But I think it goes deeper than [Bernard] Williams suggests [in his essay]. It's not simply that we'd run out of desires or become someone else. It's that the striving itself, the journey toward what we want, is where the meaning lives. Not in the having, not in the arriving. This is why people who climb Everest, win Academy Awards, or achieve similar ambitions often face depression afterward. The reward wasn't the point. The pursuit was.1

The danger of the unimaginative capitalist, who does not read literature (please take that broadly to mean also "watching film" or "playing video games") and has received no folk knowledge that imparts the wisdom of humanity, is this unknown destruction of life by avoiding death. Every vampire story is at first a cautionary tale to explain unexplainable phenomena, but, as modernity progresses and more phenomena become explainable (in myriad ways), the vampire becomes the cautionary tale itself: The undead man who no longer lives. Lives in the sense of for something, and so becomes the destruction of everything. Even the destruction of concepts like cleanliness, family, loyalty, and so on.

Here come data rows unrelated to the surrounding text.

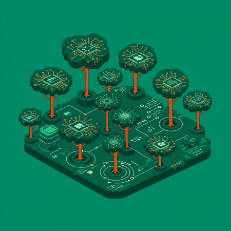 A close-up view presents a circuit board adorned with miniature trees. These vibrant trees, some illuminated, contrast against the dark electronic components. The composition suggests an integration of nature and technology. This image could be suitable for illustrating concepts of innovation or environmental responsibility.
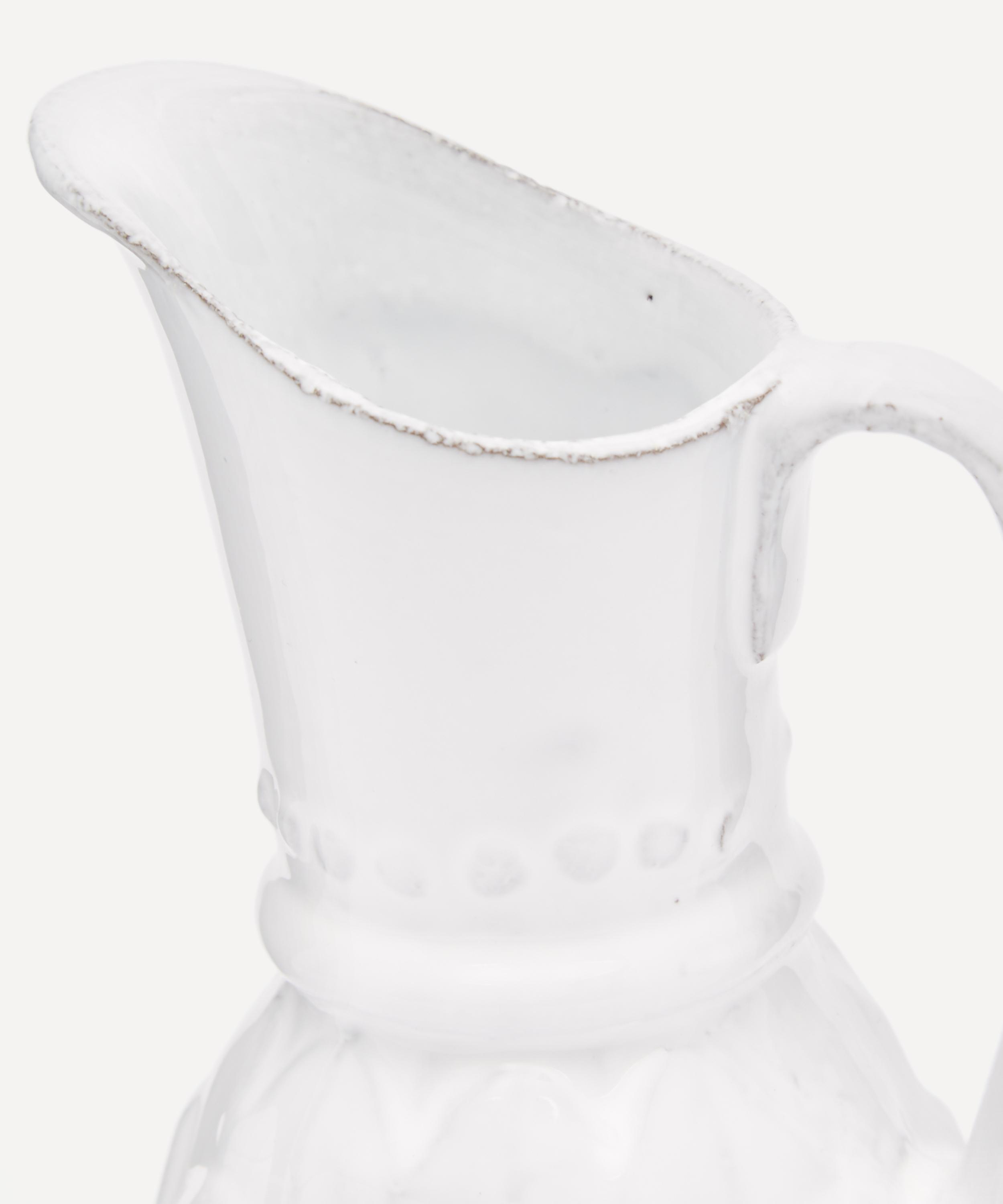 Votary of pre-industrial fabrication, Astier de Villatte is celebrated for being the one and only studio in Paris to hold and harbour the traditions of artisanal ceramic production. Restoring the ancestral systems of moulding and stamping, the Gédéon pitcher is made using techniques from the Middle Ages which involve moulding a sheet of handmade clay, double firing the ‘biscuit’ piece and glazing the product in white enamel – a lengthy process that requires a drying time of up to one month. Characterised by a repeating pattern that resembles the exterior of an artichoke, the pitcher is engraved with the brand’s signature crest - depicting an interlacing A & V - alongside the initials of one of the 40 master artisans who created it. Each handmade piece tells a beautiful story, it romances and imparts a sense of nostalgia into its owner. Arrange with other serveware in the collection to breathe an air of authenticity into your dining collection.
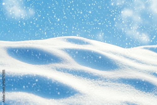 Winter snow background with snowdrifts, with beautiful light and snow flakes on the blue sky in the evening, banner format, copy space with generative ai
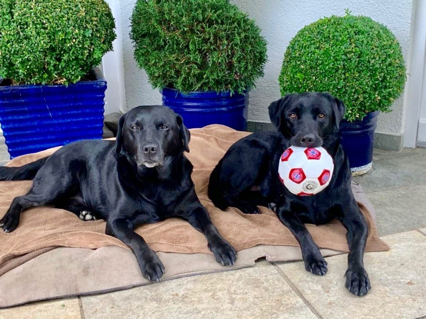 Unsere beiden Hunde Nero (8 Jahre) und Eddy (2 Jahre) sind, obwohl sie in Nürnberg zu Hause sind, waschechte Bayernfans, die aus Freude zum diesjährigen Meistertitel einen Fußball in seine Einzelteile zerlegt haben. Die beiden reinrassigen Labradore sind beides waschechte Bayern.

This is in stark contrast, by the way, to the vampire as queer. The queer monstrosity is outcast from society and so develops new life against or despite society. Anti-life in rejecting what it is that constitutes life. (This is not to say the capitalist is queer, far from it. The capitalist cannot be queer in a conceptual sense because the capitalist is only a creation of the system which produces it—the same system that destroys queers.)

Anyway, about the first kind, Marx called them vampires, too.